The third abundant non-primary vector anopheline identified in Barotseland was An. species O/15, previously identified in Kenya as a potential sibling species to An. coustani [11]. An. species O/15 is not considered a malarial vector in Kenya (negative for Plasmodium falciparum; [11]), and there is no further information on bionomics or larval habitat preferences. In the present study An. species O/15 constituted 5% of the wet season sample and was significantly more prevalent in floodplain habitats than in other ecological zones.

In eastern Zambia, 39% of 18 delineated anopheline taxa [12], and 53% of 17 taxa in Kenya [11], were designated as ‘unknown’ because of the lack of conclusive similarity to database sequences. While some taxa may represent novel or cryptic species, the lack of an identity may also result from the absence of DNA sequences from known species. In the present study, identifications were based on matches at ≥ 95% similarity to published COI sequences, supported by ITS2 matches using the same threshold, and specimens that failed to yield an above-threshold match (but had consistent below-threshold matches to anopheline sequences, see Additional file 1) were designated as “unknown Anopheles species.” Some of these “unknown” individuals may represent further examples of the cryptic species diversity uncovered by recent studies [11, 12], as we know that these individuals do not match to the taxa identified in these studies even though we had high sequence coverage of the same DNA regions; others are likely to be known species that are poorly represented in the NCBI nt database. The occurrence of unidentified anophelines does not affect the key conclusion of this study, because where these individuals are matched (at < 95% similarity) to a sympatrically occurring species, the majority cluster with secondary vector taxa, and we can be confident that they are not primary vectors well represented in the published database. The occurrence of potential further cryptic anopheline species in this and other areas should be taken account of in future studies.

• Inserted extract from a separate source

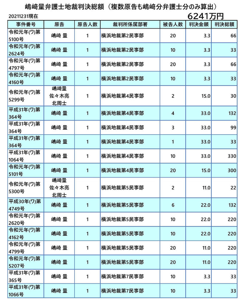 嶋﨑量弁護士は判決金額が佐々木氏北氏と比較して少ない分、回収に異常な力を入れています。嶋﨑弁護士と同じ神奈川総合法律事務所所属の代理人西川治弁護士が非常に強烈な回収を行っていますが、それを裁判で指摘されることを嫌がっているようです。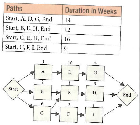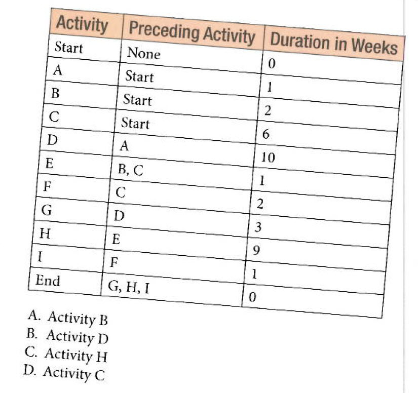 The critical path is 16 (Start, C, E, H, End). Many people immediately look for the longest duration activity on the project to cut. Here activity D is the longest, at 10 weeks. However, that activity is not on the critical path, and cutting it would not shorten the project’s duration. You must change the critical path. In this case, both activity C and activity H are on the critical path. If you have a choice, all things being equal, choose the earlier option. Therefore, activity C is the best answer.

A key remaining question is how representative our comprehensive larval survey is of the distribution of adult Anopheles vectors and hence malaria transmission hazard. In some settings, larval densities have been found to be a poor predictor of adult abundance [72], while in others there is very close correlation [73]. If the larval composition is representative, there are significant implications for malaria vector control efforts in the region.

Conclusions

The diversity of candidate vector species and their high relative abundance observed across diverse hydro-ecosystems indicate a highly adaptable transmission system, resilient to environmental variation and, potentially, interventions that target only part of the vector community. Larval survey results imply that residual transmission of malaria in Barotseland is being mediated predominantly by secondary vector species, whose known tendencies for crepuscular and outdoor biting renders them largely insensitive to prevalent vector control methods.